Ed è proprio a questa terza considerazione che si richiama Matteo Salvini in una lettera che ha inviato al direttore “Corriere della sera”, che l’ha pubblicata questa mattina e che riportiamo integralmente perché anche i nostri lettori possano farsi un’opinione sulla linea di condotta del ministro dell’Interno e del suo stesso mutamento di opinione sulla materia che il Senato dovrà affrontare.
Eccola.
«Caro direttore, la mia vicenda giudiziaria è strettamente legata all’attività di Ministro dell’Interno e alla ferma volontà di mantenere gli impegni della campagna elettorale. Avevo detto che avrei contrastato l’immigrazione clandestina e difeso i confini nazionali. Faccio parlare i numeri. Nel 2018 ci sono stati meno morti, 23.370 sbarchi contro i 119.369 dell’anno precedente. Il trend è confermato anche dalle prime settimane del 2019. Dall’inizio dell’anno a ieri si sono registrati 155 arrivi sulle nostre coste. Nello stesso periodo di un anno fa gli sbarchi furono 3.176. Non solo. Per la prima volta dopo anni, i rimpatri (306) sono superiori agli arrivi. E ancora. Nel 2018 gli immigrati in accoglienza erano 183 mila, oggi scesi a 133 mila. Calano gli immigrati, aumentano i risparmi. Risultato: abbiamo liberato risorse significative, subito investite per un piano di assunzioni straordinario per circa 8 mila donne e uomini delle forze dell’ordine.

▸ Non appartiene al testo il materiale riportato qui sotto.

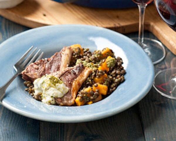 - Verdeel de linzen met zoete aardappel over de borden en leg op elk bord 2 lamskoteletjes. Meng 8 volle el pesto met de Griekse yoghurt en verdeel over de borden. Serveer de overgebleven pesto in een kommetje.
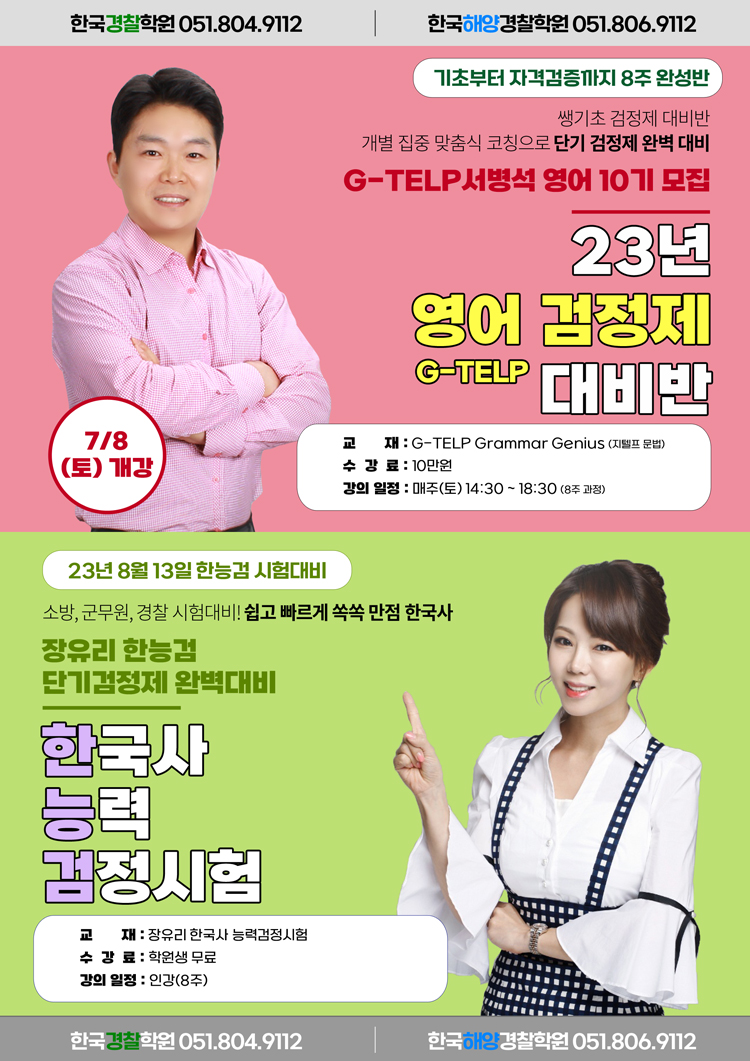 글제목 :      [검정제 특강] 23년 검정제(G-TELP,한능검) 완벽대비 7월개강
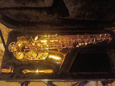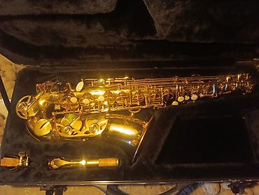 Qızılı rəngli alto saksofon – tam komplekt. Real alıcıya endirim olunacaq Xüsusiyyətlər: - Korpus: laklı qızılı metal, oyma naxışlı boru və qolucuqlar - Mexanika: standart alto dizayn, tənzimləmə v...

Detto questo, vorrei parlare della vicenda giudiziaria perché ritengo importante non siano date versioni distorte. Non intendo sottrarmi al giudizio. Il Tribunale dei ministri di Catania mi accusa di «sequestro di persona» perché avrei bloccato la procedura di sbarco degli immigrati dalla nave Diciotti. Attenzione: non si tratta di un potenziale reato commesso da privato cittadino o da leader di partito. I giudici mi accusano di aver violato la legge imponendo lo stop allo sbarco, in virtù del mio ruolo di ministro dell’Interno. In altre parole, è una decisione che non sarebbe stata possibile se non avessi rivestito il ruolo di responsabile del Viminale.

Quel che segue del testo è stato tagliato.